**Exercise**
From the line containing "Image 3.1: The" to the line containing "内窥镜清洗工作站是我公司根据" in the records below, set down every line exactly as it stands, both ends included, and skip the pictures.

**Working data**
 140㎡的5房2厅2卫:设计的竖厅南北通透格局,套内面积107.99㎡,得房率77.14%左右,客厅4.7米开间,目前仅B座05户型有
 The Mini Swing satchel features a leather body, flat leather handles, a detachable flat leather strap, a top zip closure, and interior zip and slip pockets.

...

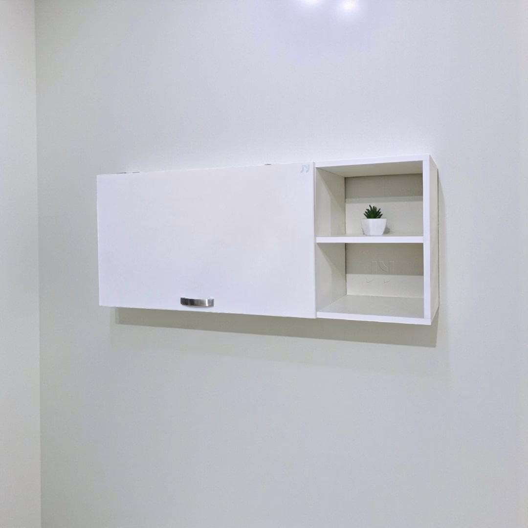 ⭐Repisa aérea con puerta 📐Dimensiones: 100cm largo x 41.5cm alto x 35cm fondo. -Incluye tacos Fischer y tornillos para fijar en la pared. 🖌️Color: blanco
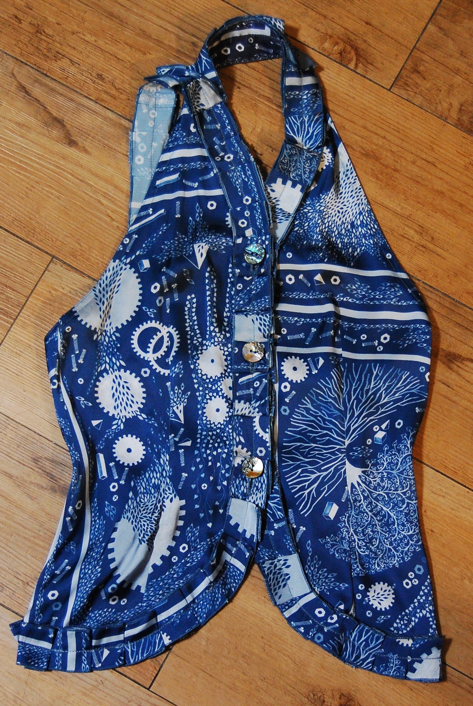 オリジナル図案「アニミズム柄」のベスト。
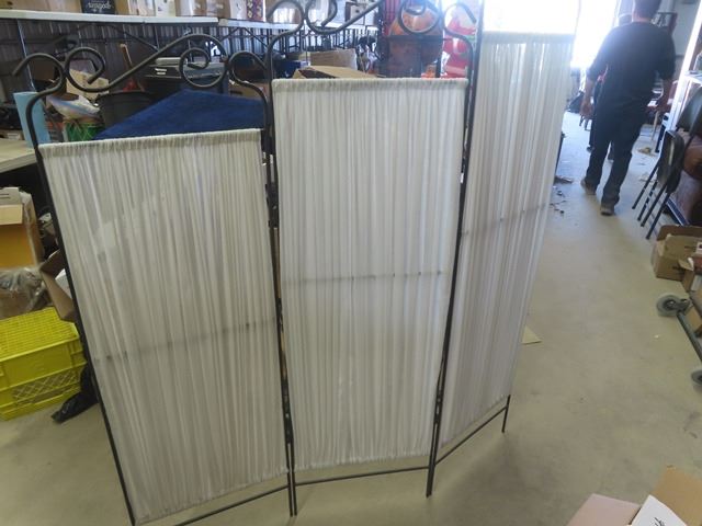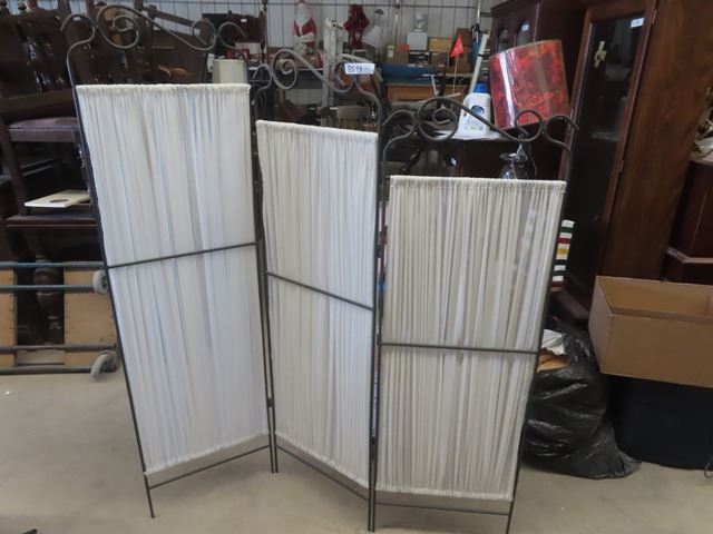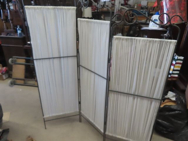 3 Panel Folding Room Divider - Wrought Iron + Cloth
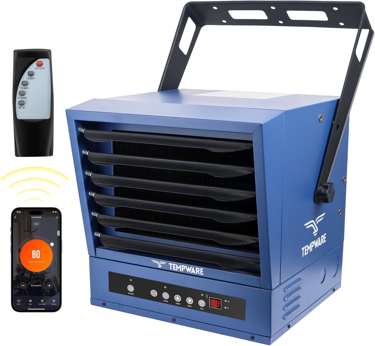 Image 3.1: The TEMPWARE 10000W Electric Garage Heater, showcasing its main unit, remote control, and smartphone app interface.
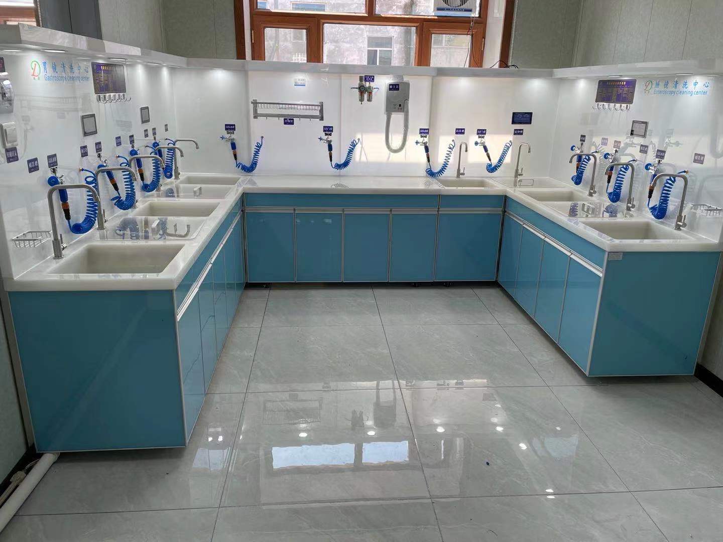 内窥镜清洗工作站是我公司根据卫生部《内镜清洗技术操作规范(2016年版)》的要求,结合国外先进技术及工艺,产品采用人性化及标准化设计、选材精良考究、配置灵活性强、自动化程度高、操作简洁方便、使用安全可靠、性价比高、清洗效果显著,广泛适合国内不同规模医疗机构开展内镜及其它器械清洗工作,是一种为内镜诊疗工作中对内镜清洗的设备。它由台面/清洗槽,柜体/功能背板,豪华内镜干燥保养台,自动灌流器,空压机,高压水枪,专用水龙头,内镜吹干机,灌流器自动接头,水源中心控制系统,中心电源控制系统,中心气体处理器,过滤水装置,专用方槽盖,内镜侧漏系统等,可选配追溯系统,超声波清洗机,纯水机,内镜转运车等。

**Solution to the exercise**
 Image 3.1: The TEMPWARE 10000W Electric Garage Heater, showcasing its main unit, remote control, and smartphone app interface.
 内窥镜清洗工作站是我公司根据卫生部《内镜清洗技术操作规范(2016年版)》的要求,结合国外先进技术及工艺,产品采用人性化及标准化设计、选材精良考究、配置灵活性强、自动化程度高、操作简洁方便、使用安全可靠、性价比高、清洗效果显著,广泛适合国内不同规模医疗机构开展内镜及其它器械清洗工作,是一种为内镜诊疗工作中对内镜清洗的设备。它由台面/清洗槽,柜体/功能背板,豪华内镜干燥保养台,自动灌流器,空压机,高压水枪,专用水龙头,内镜吹干机,灌流器自动接头,水源中心控制系统,中心电源控制系统,中心气体处理器,过滤水装置,专用方槽盖,内镜侧漏系统等,可选配追溯系统,超声波清洗机,纯水机,内镜转运车等。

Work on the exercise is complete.